Combine outputs of a SMA indicator combinatorially
>>> @vbt.parameterized(merge_func="column_stack")
... def get_signals(fast_sma, slow_sma): # (1)!
... entries = fast_sma.crossed_above(slow_sma)
... exits = fast_sma.crossed_below(slow_sma)
... return entries, exits
>>> data = vbt.YFData.pull(["BTC-USD", "ETH-USD"])
>>> sma = data.run("talib:sma", timeperiod=range(20, 50, 2)) # (2)!
>>> fast_sma = sma.rename_levels({"sma_timeperiod": "fast"}) # (3)!
>>> slow_sma = sma.rename_levels({"sma_timeperiod": "slow"})
>>> entries, exits = get_signals(
... vbt.Param(fast_sma, condition="__fast__ < __slow__"), # (4)!
... vbt.Param(slow_sma)
... )
>>> entries.columns
MultiIndex([(20, 22, 'BTC-USD'),
(20, 22, 'ETH-USD'),
(20, 24, 'BTC-USD'),
(20, 24, 'ETH-USD'),
(20, 26, 'BTC-USD'),
(20, 26, 'ETH-USD'),
...
(44, 46, 'BTC-USD'),
(44, 46, 'ETH-USD'),
(44, 48, 'BTC-USD'),
(44, 48, 'ETH-USD'),
(46, 48, 'BTC-USD'),
(46, 48, 'ETH-USD')],
names=['fast', 'slow', 'symbol'], length=210)
- Regular function that takes two indicators and returns signals.
- Run an SMA indicator once on all time periods.
- Copy the indicator and rename the parameter level to get a distinct indicator instance.
- Pass both indicator instances as parameters.

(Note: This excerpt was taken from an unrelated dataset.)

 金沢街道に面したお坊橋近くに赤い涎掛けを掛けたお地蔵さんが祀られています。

This splits each instance into smaller instances with only one column. Also, remove all columns where the fast window is greater than or equal to the slow window.
Lazy parameter grids¶
- The parameterized decorator no longer needs to materialize parameter grids if you are only interested in a subset of all parameter combinations. This change enables the generation of random parameter combinations almost instantly, no matter how large the total number of possible combinations is.

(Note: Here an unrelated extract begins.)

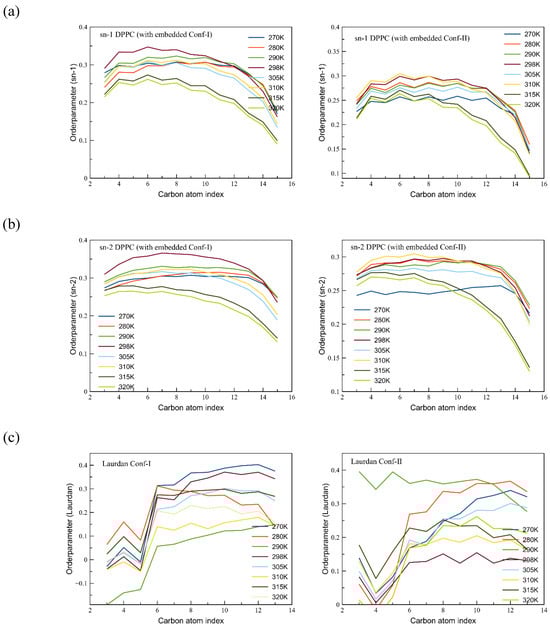 Order parameters for the (a) sn-1 and (b) sn-2 tails of DPPC. The ones for the tail of Laurdan are shown as well in (c). In the left (right) column, the tails are shown for the membrane in which Conf-I (Conf-II) is embedded.

Test a random subset of a huge number of parameter combinations
>>> @vbt.parameterized(merge_func="concat")
... def test_combination(data, n, sl_stop, tsl_stop, tp_stop):
... return data.run(
... "from_random_signals",
... n=n,
... sl_stop=sl_stop,
... tsl_stop=tsl_stop,
... tp_stop=tp_stop,
... ).total_return
>>> n = np.arange(10, 100)
>>> sl_stop = np.arange(1, 1000) / 1000
>>> tsl_stop = np.arange(1, 1000) / 1000
>>> tp_stop = np.arange(1, 1000) / 1000
>>> len(n) * len(sl_stop) * len(tsl_stop) * len(tp_stop)
89730269910
>>> test_combination(
... vbt.YFData.pull("BTC-USD"),
... n=vbt.Param(n),
... sl_stop=vbt.Param(sl_stop),
... tsl_stop=vbt.Param(tsl_stop),
... tp_stop=vbt.Param(tp_stop),
... _random_subset=10
... )
n sl_stop tsl_stop tp_stop
34 0.188 0.916 0.749 6.869901
44 0.176 0.734 0.550 6.186478
50 0.421 0.245 0.253 0.540188
51 0.033 0.951 0.344 6.514647
0.915 0.461 0.322 2.915987
73 0.057 0.690 0.008 -0.204080
74 0.368 0.360 0.935 14.207262
76 0.771 0.342 0.187 -0.278499
83 0.796 0.788 0.730 6.450076
96 0.873 0.429 0.815 18.670965
dtype: float64
Mono-chunks¶
- The parameterized decorator now supports splitting parameter combinations into "mono-chunks," merging the parameter values within each chunk into a single value, and running the entire chunk with a single function call. This means you are no longer limited to processing only one parameter combination at a time
Keep in mind that your function must be adapted to handle multiple parameter values, and you should modify the merging function as needed.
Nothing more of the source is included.